◆ **Problem statement**
Every line below must be copied as written, except for pictures.
++++ Data for this task
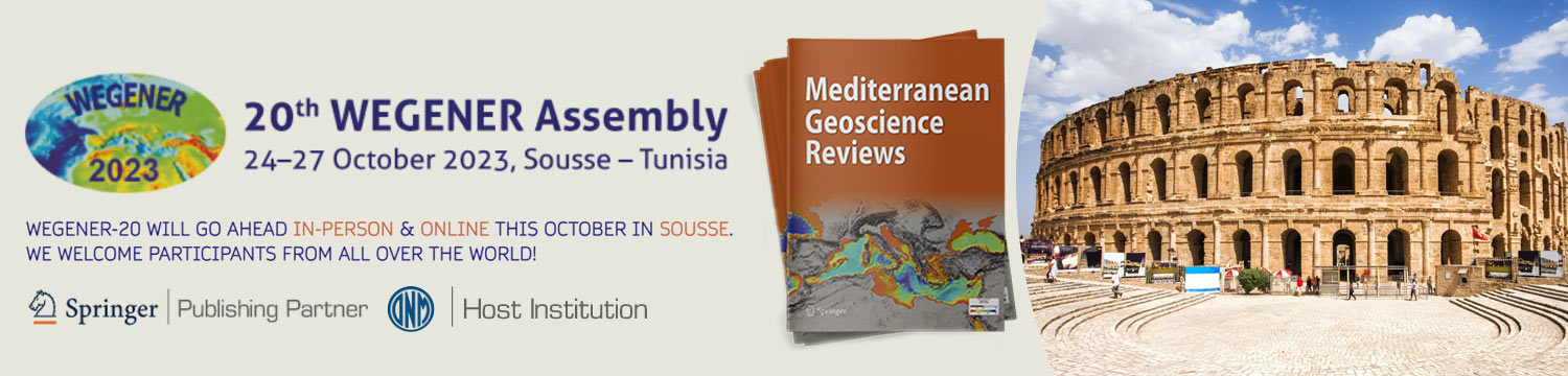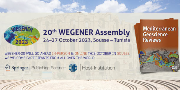 We are pleased to announce that the 20th WEGENER Assembly 2023 (WEGENER-20) will be organized by the National Office of Mines (ONM, Geological Survey of Tunisia) from 24 to 27 October 2023 in Sousse, Tunisia.
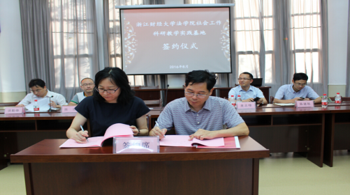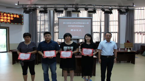 社会工作科研教学实践基地进行签约和揭牌仪式,并进行兼职教授和实践导师的聘任仪式。刘纪清局长向实践学生介绍了海宁社会工作发展的良好环境和优势资源,希望实践学生在实践结束后能够继续关注海宁社会工作发展,海宁急需优秀专业人才做支撑,并对社工机构提出要求,希望机构能够做大、做强、做优。朱丹书记作重要讲话,对本次暑期实践活动表示感谢,本次实践活动体现了三个专业化。一是专业化的实践,二是专业化指导,三是专业化服务。她指出,浙财大黄漫
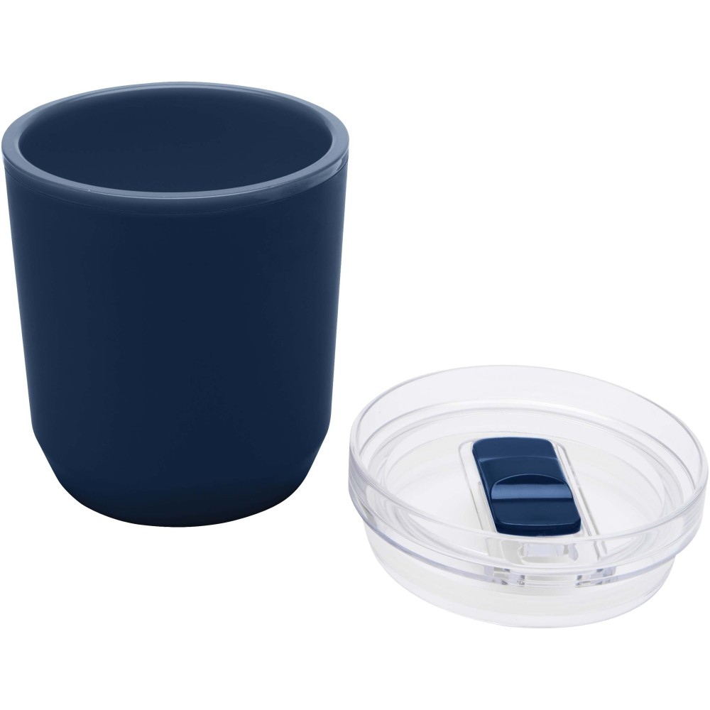 Egyszerű kialakítású termoszbögre, amely a legtöbb kávégéppel és autós pohártartóval kompatibilis. Dupla falú szerkezettel rendelkezik, újrahasznosított PP műanyag külsővel és PP műanyag belsővel. A csúsztatható fedél AS és PP műanyagból készült. Űrtartalma: 180 ml. Emblémázás: Körszita, Tamponnyomás
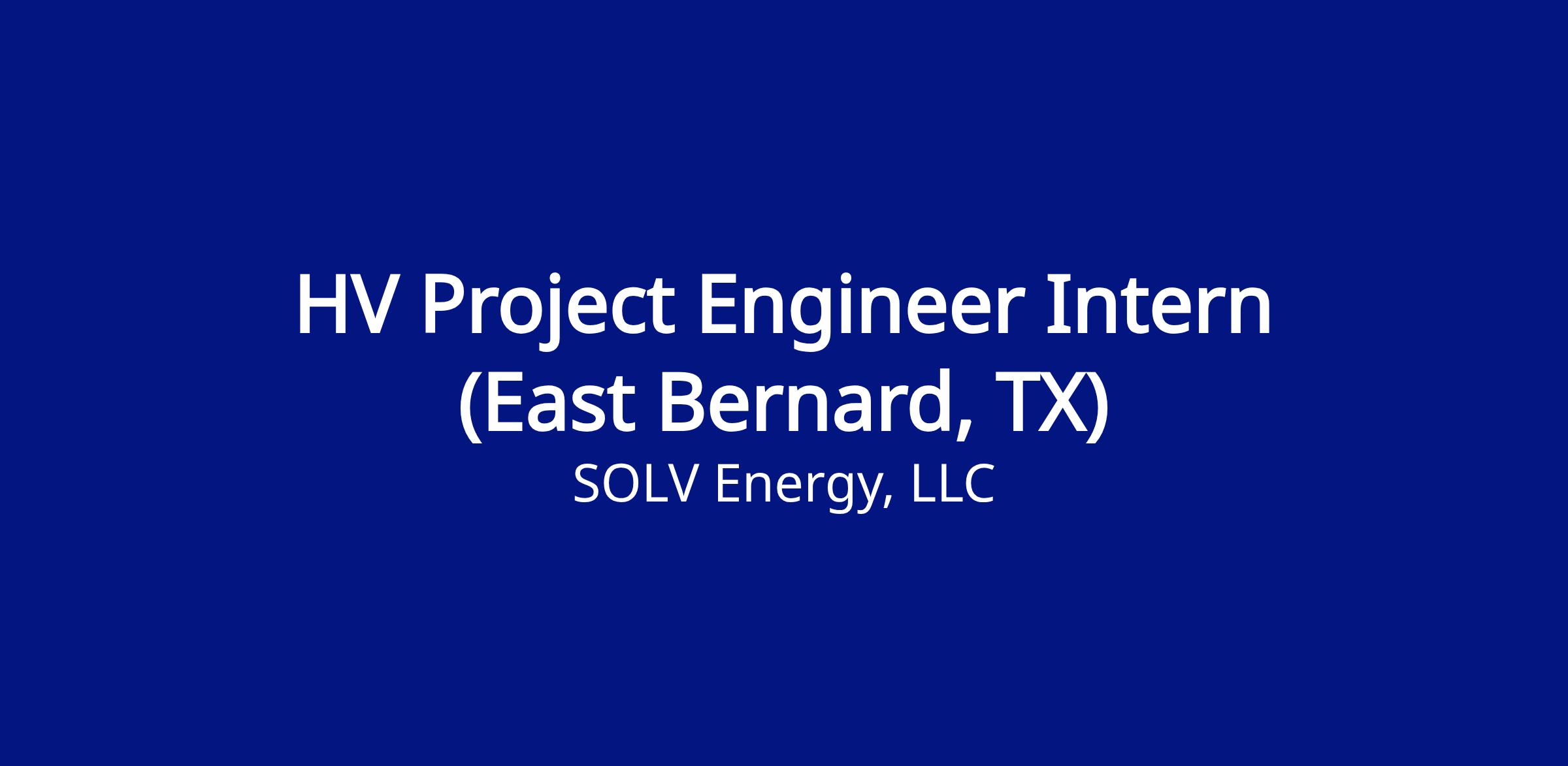 The Intern – HV Project Engineer intern (Field) supports the design, administration, and execution of high-voltage (HV) and EPC project activities to achieve project profitability, compliance, and schedule goals. This role provides hands-on experience across engineering, procurement, document control, commissioning, and field support for utility-scale solar and BESS projects.Job Description:
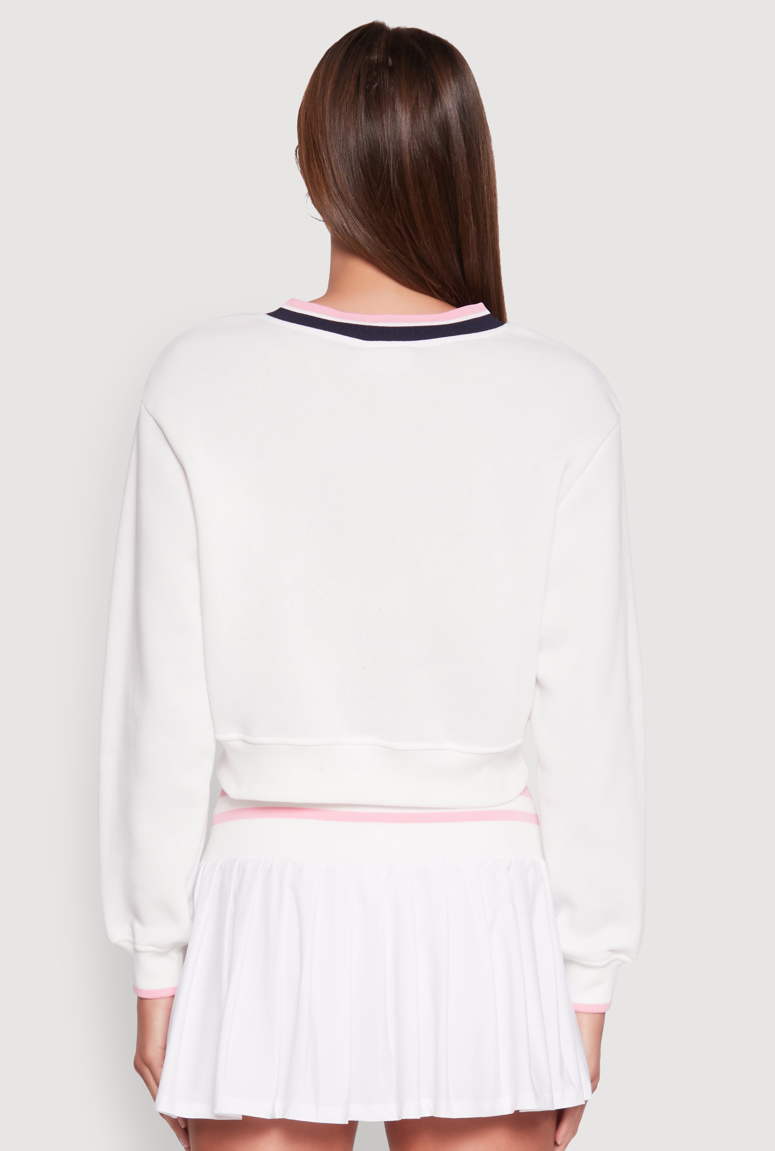 - Features a stylish V-neck design with embroidery and varsity stripe detail
++++++++
◆ **The answer**
 We are pleased to announce that the 20th WEGENER Assembly 2023 (WEGENER-20) will be organized by the National Office of Mines (ONM, Geological Survey of Tunisia) from 24 to 27 October 2023 in Sousse, Tunisia.
 社会工作科研教学实践基地进行签约和揭牌仪式,并进行兼职教授和实践导师的聘任仪式。刘纪清局长向实践学生介绍了海宁社会工作发展的良好环境和优势资源,希望实践学生在实践结束后能够继续关注海宁社会工作发展,海宁急需优秀专业人才做支撑,并对社工机构提出要求,希望机构能够做大、做强、做优。朱丹书记作重要讲话,对本次暑期实践活动表示感谢,本次实践活动体现了三个专业化。一是专业化的实践,二是专业化指导,三是专业化服务。她指出,浙财大黄漫
 Egyszerű kialakítású termoszbögre, amely a legtöbb kávégéppel és autós pohártartóval kompatibilis. Dupla falú szerkezettel rendelkezik, újrahasznosított PP műanyag külsővel és PP műanyag belsővel. A csúsztatható fedél AS és PP műanyagból készült. Űrtartalma: 180 ml. Emblémázás: Körszita, Tamponnyomás
 The Intern – HV Project Engineer intern (Field) supports the design, administration, and execution of high-voltage (HV) and EPC project activities to achieve project profitability, compliance, and schedule goals. This role provides hands-on experience across engineering, procurement, document control, commissioning, and field support for utility-scale solar and BESS projects.Job Description:
 - Features a stylish V-neck design with embroidery and varsity stripe detail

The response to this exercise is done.